If you're an actor working in Hollywood, chances are you'll end up starring in at least one flop over the course of your career. Some actors are apologetic or regretful about the bombs they've done, but others refuse to join in the hatefest. Whether they had a good time on set, enjoyed spending the mounds of coin they made, or genuinely believe the movie was good and deserved better, many stars stand firmly behind some of the most notorious bombs in movie history.
John Travolta will go to his grave defending Battlefield Earth even though that film is a giggle-fest of the highest order. Michael Caine has never even seen Jaws: The Revenge, but it paid for his very nice house - so why would he regret doing it? Howard the Duck helped Tim Robbins produce a bunch of plays he wouldn't have been able to do otherwise. These actors have different reasons for defending their flops, but they have one thing in common: They're not apologizing.
If you're looking for a big-budget, sci-fi epic that's utterly reviled by critics and audiences alike, then look no further than 2000's Battlefield Earth. This action film adaptation of the L. Ron Hubbard novel of the same name managed an abysmal critics' score of 3% and an audience score of 12% on Rotten Tomatoes. This is backed up by its dreadful box office performance and the fact that it swept the Golden Raspberry Awards that year.
One of the few who seem to dig Battlefield Earth is its star/producer John Travolta. During a 2017 interview with the Daily Beast's Marlow Stern, Travolta was asked if he regretted making the movie. "No way," he replied. "Are you kidding? Why would I ever regret that? I had the power to do whatever I wanted, and I chose to do a book that I thought was worthy of making into a movie. It's a beautiful film."
After Michael Caine became a Hollywood mainstay in the '60s and '70s, but before he became a go-to supporting actor throughout the '90s and 2000s, the actor hit a bit of a career slump. This downturn saw Caine taking roles in lackluster films because, well, a guy's gotta make a living. One of these pictures was 1987's Jaws: The Revenge. With the all-time great tagline of "This Time It's Personal" and an astonishing 0% from critics on Rotten Tomatoes, Jaws: The Revenge is one of the most iconically bad movies of all time.
So, does Caine regret starring in it? Far from it. The actor once said, "I have never seen it but by all accounts it is terrible. However, I have seen the house that it built, and it is terrific." If you could make enough money to purchase a nice house from a few weeks of work (in the Bahamas, no less), it stands to reason you'd feel the same way.

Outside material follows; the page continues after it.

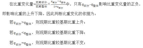 所以判斷比重變化的依據(jù)為:若部分變化率>整體變化率,則比重上升;
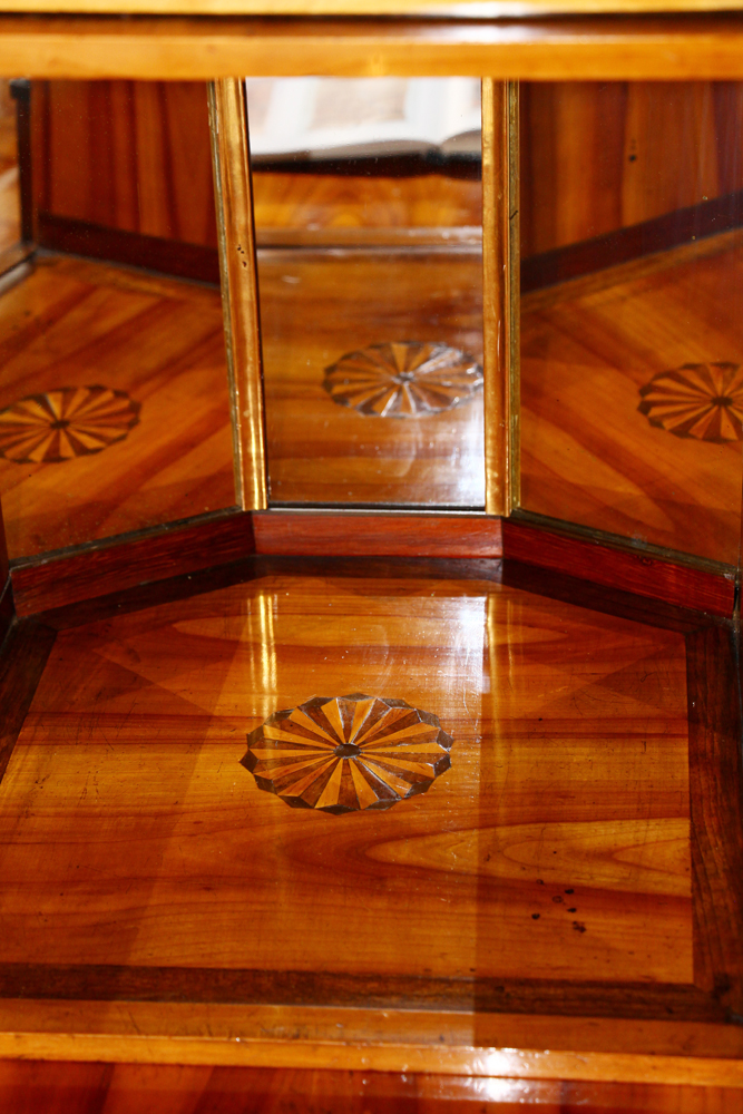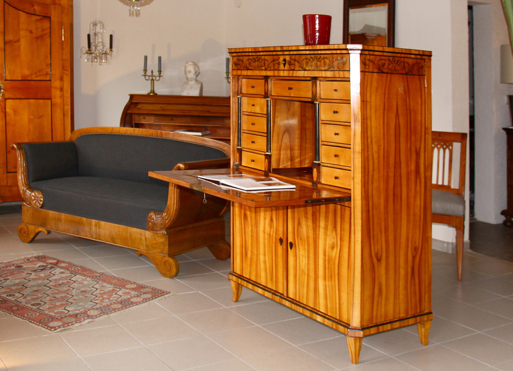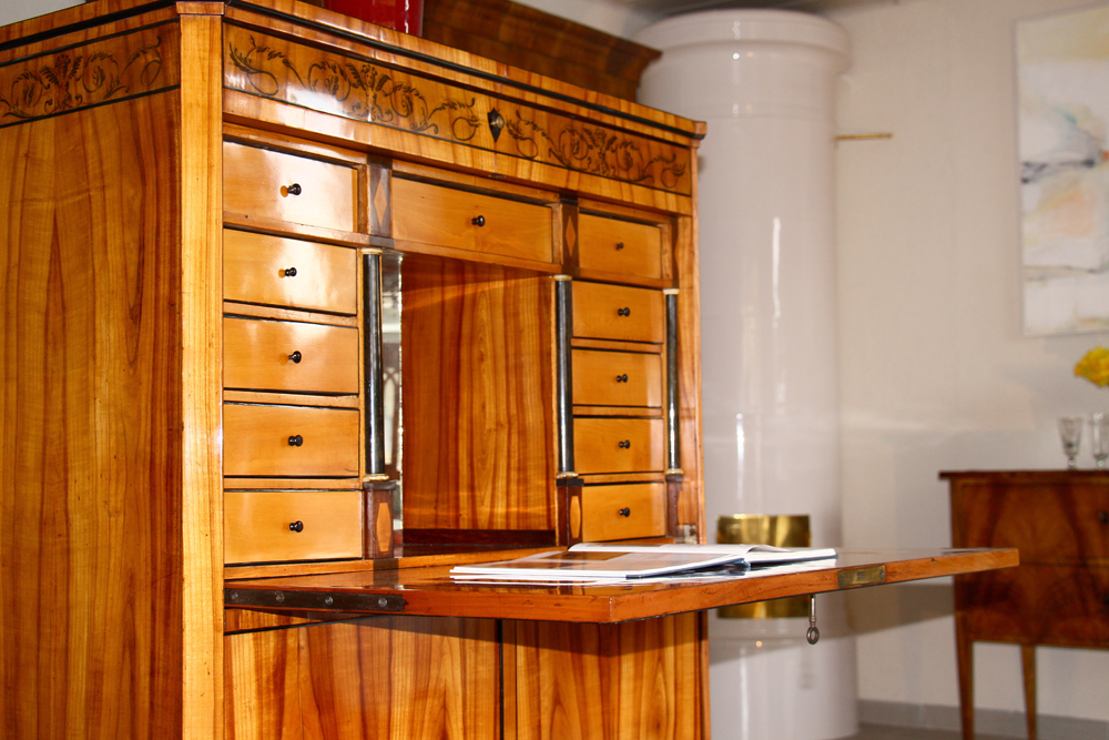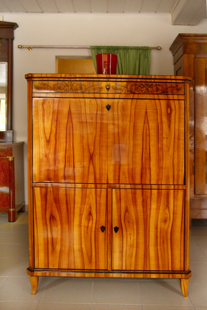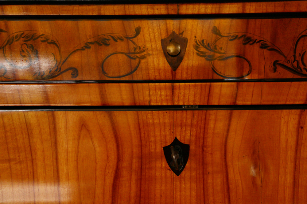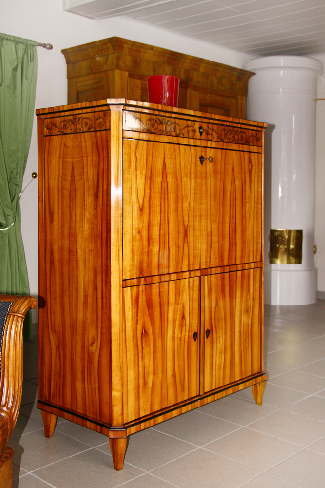 Kirschbaum furniert, mit Hersteller-Logo aus Papier (innenseitig angebracht) und Tuschmalerei, ehemaliger Adelsbesitz, München

If starring in a film helps you renovate a decaying castle in Ireland, it's hard to entirely regret that decision. 2000's Dungeons & Dragons, based on the popular role-playing game of the same name, may have been a box office bomb, condemned by critics and audiences alike, but Jeremy Irons - who played the evil Mage Profion - got paid a hefty sum to be in it, so it's all gravy to him.
When reflecting on Dungeons & Dragons, Irons has mentioned that "once in a while you have to risk a bit" - and even though he called shooting the film "a nightmare of a production," he is quick to remind those who ask him about the project that he got paid. Considering Irons has appeared in over 30 movies since Dungeons & Dragons was unleashed upon the world, it's clear he's laughing all the way to the bank.
1987's superflop Ishtar is one of the most notorious films in all of Hollywood history. As it fell victim to extensive delays and a ballooning budget, the movie was denounced before it even came out and has gone on to become (arguably unfairly) labeled as one of the worst movies of all time. While it's obvious that both critics and audiences weren't exactly in love with the film, there are many worse movies from 1987 alone (hello again, Jaws: The Revenge).
While the film's production in Morocco was certainly turbulent, star Dustin Hoffman looks back on Ishtar fondly. In a 2009 interview with Ain't It Cool News, Hoffman explained:
The thing I love about [Ishtar] - and I love it with all of its flaws - is that it has a statement to make. And that is: It is far, far better to spend a life being second rate in something that you're passionate about, than to spend a life being first-rate at that which you are not passionate about. I thought that was worth making a movie about.